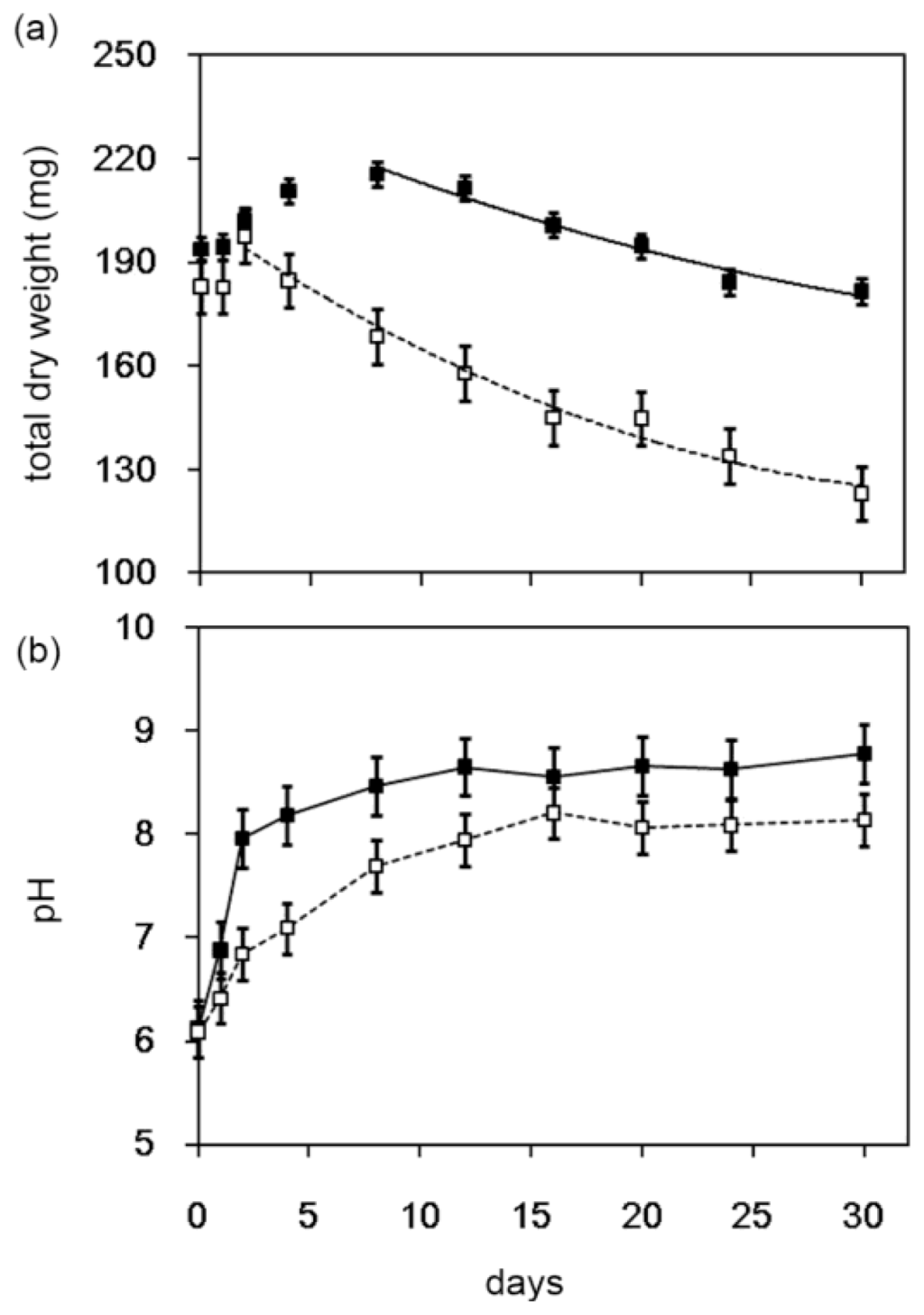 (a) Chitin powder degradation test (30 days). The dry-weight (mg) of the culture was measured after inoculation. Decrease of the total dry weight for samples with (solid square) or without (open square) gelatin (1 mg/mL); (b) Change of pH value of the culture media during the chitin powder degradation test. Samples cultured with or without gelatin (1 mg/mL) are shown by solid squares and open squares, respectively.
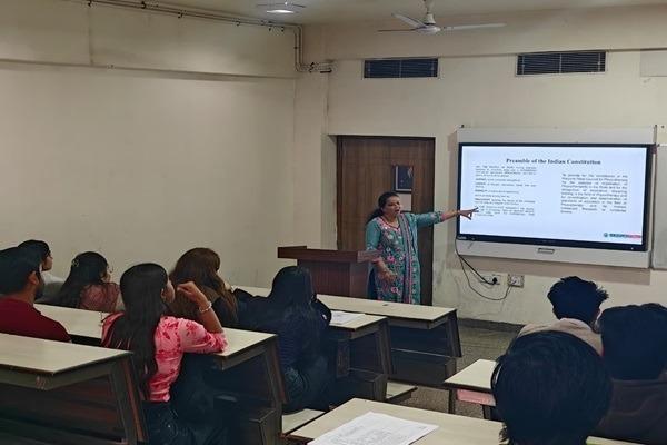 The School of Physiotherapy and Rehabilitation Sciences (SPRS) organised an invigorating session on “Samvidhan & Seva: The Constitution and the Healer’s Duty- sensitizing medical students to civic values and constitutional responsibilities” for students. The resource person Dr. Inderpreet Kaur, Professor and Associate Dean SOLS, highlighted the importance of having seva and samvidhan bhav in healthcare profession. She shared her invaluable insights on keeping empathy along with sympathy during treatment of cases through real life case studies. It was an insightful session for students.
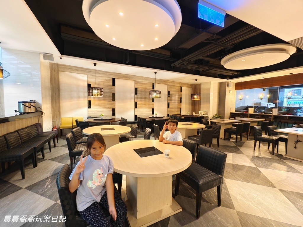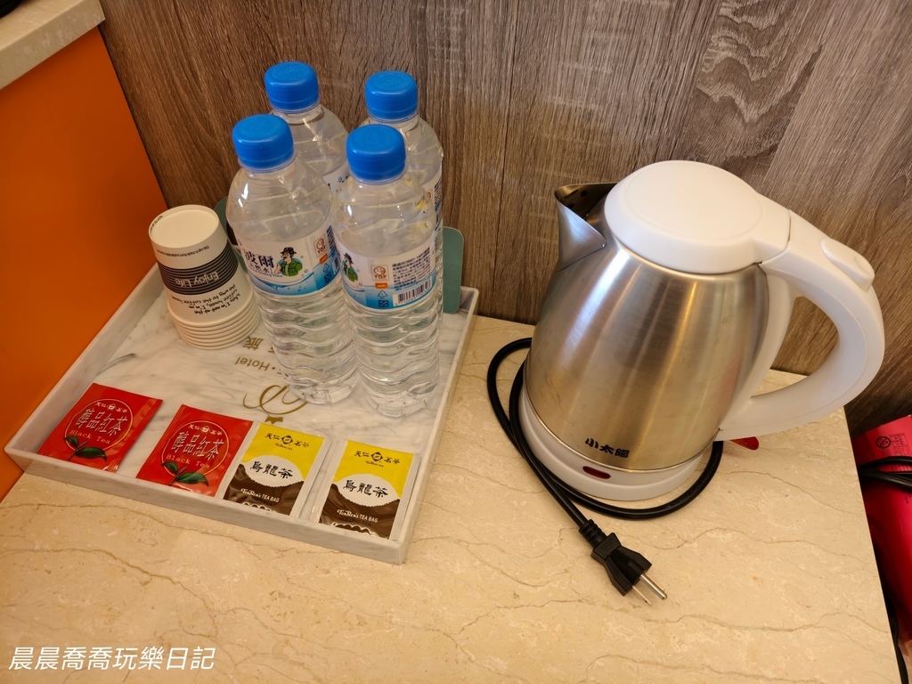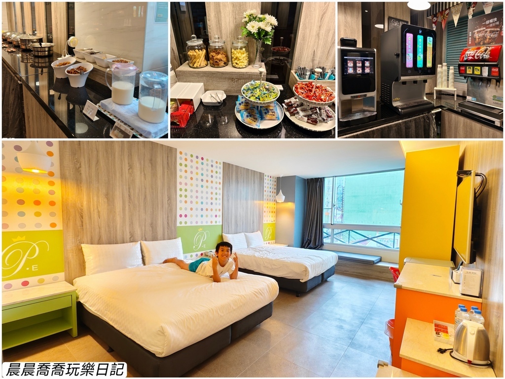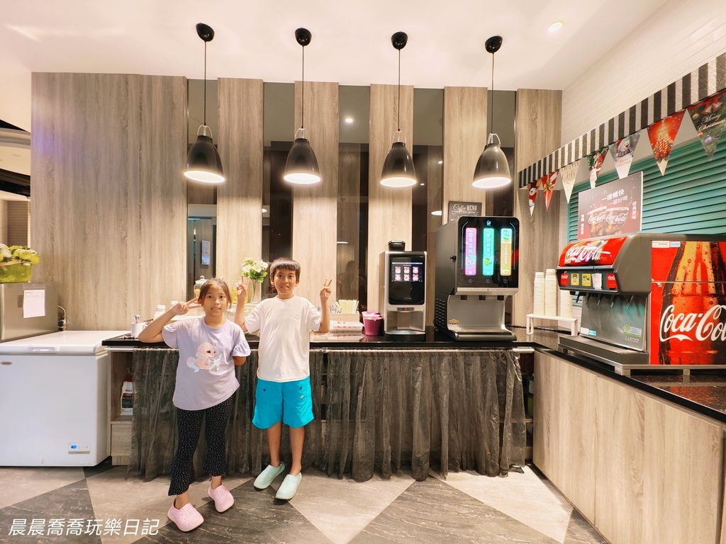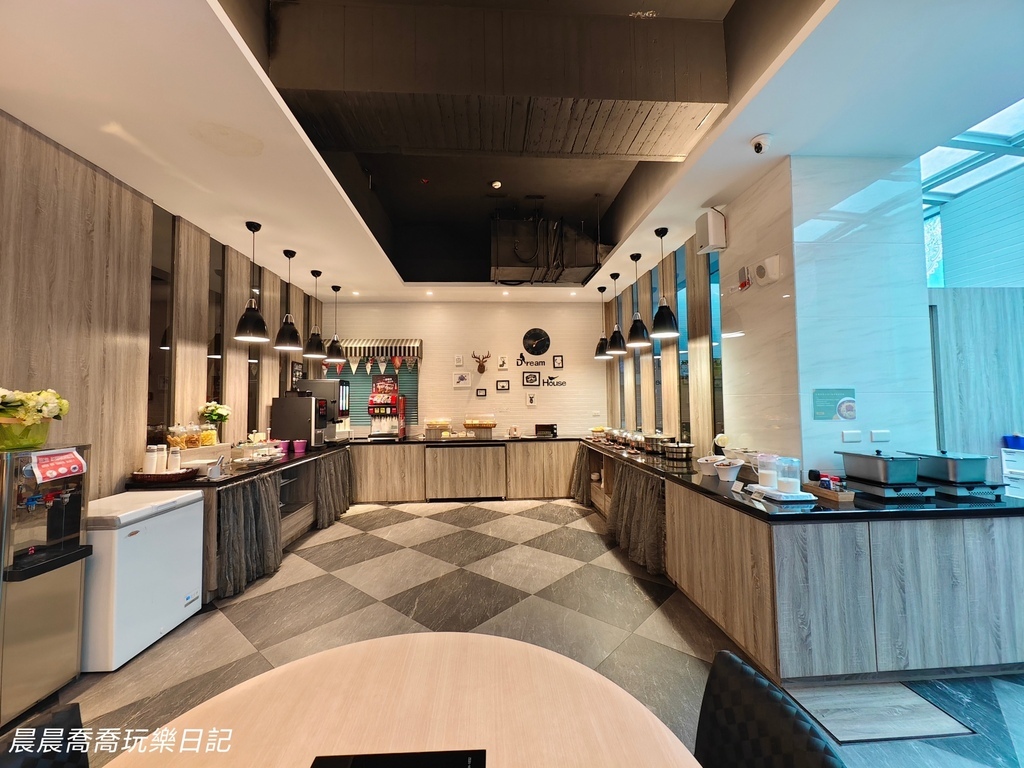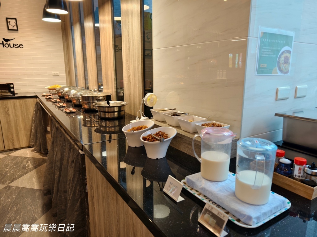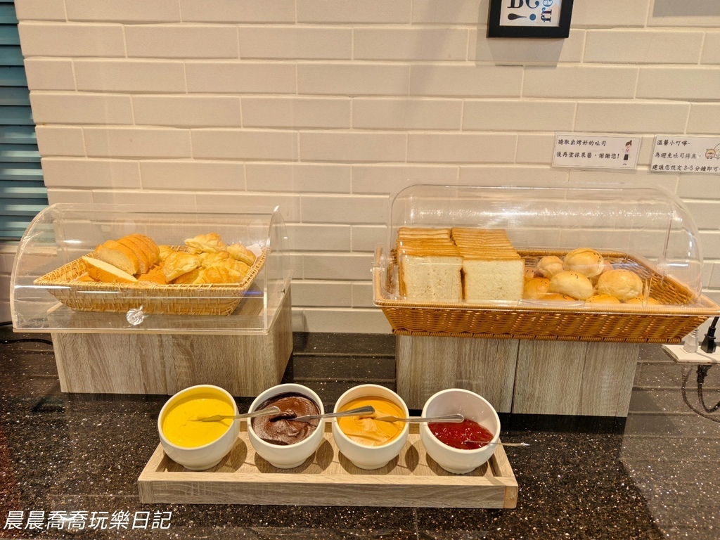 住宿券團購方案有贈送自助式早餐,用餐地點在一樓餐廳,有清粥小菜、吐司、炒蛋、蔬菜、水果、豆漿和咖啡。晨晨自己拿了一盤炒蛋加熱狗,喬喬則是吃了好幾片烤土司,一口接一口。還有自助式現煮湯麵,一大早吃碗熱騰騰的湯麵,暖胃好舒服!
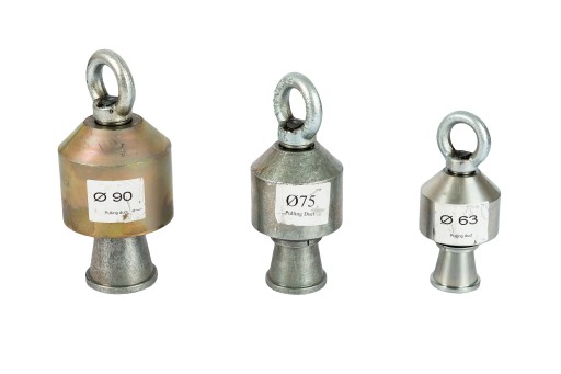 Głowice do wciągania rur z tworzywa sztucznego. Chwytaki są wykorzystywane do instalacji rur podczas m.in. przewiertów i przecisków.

BRIEF:
The task calls for every line of the data to be returned exactly, without pictures.

RESPONSE AREA:
 (a) Chitin powder degradation test (30 days). The dry-weight (mg) of the culture was measured after inoculation. Decrease of the total dry weight for samples with (solid square) or without (open square) gelatin (1 mg/mL); (b) Change of pH value of the culture media during the chitin powder degradation test. Samples cultured with or without gelatin (1 mg/mL) are shown by solid squares and open squares, respectively.
 The School of Physiotherapy and Rehabilitation Sciences (SPRS) organised an invigorating session on “Samvidhan & Seva: The Constitution and the Healer’s Duty- sensitizing medical students to civic values and constitutional responsibilities” for students. The resource person Dr. Inderpreet Kaur, Professor and Associate Dean SOLS, highlighted the importance of having seva and samvidhan bhav in healthcare profession. She shared her invaluable insights on keeping empathy along with sympathy during treatment of cases through real life case studies. It was an insightful session for students.
 住宿券團購方案有贈送自助式早餐,用餐地點在一樓餐廳,有清粥小菜、吐司、炒蛋、蔬菜、水果、豆漿和咖啡。晨晨自己拿了一盤炒蛋加熱狗,喬喬則是吃了好幾片烤土司,一口接一口。還有自助式現煮湯麵,一大早吃碗熱騰騰的湯麵,暖胃好舒服!
 Głowice do wciągania rur z tworzywa sztucznego. Chwytaki są wykorzystywane do instalacji rur podczas m.in. przewiertów i przecisków.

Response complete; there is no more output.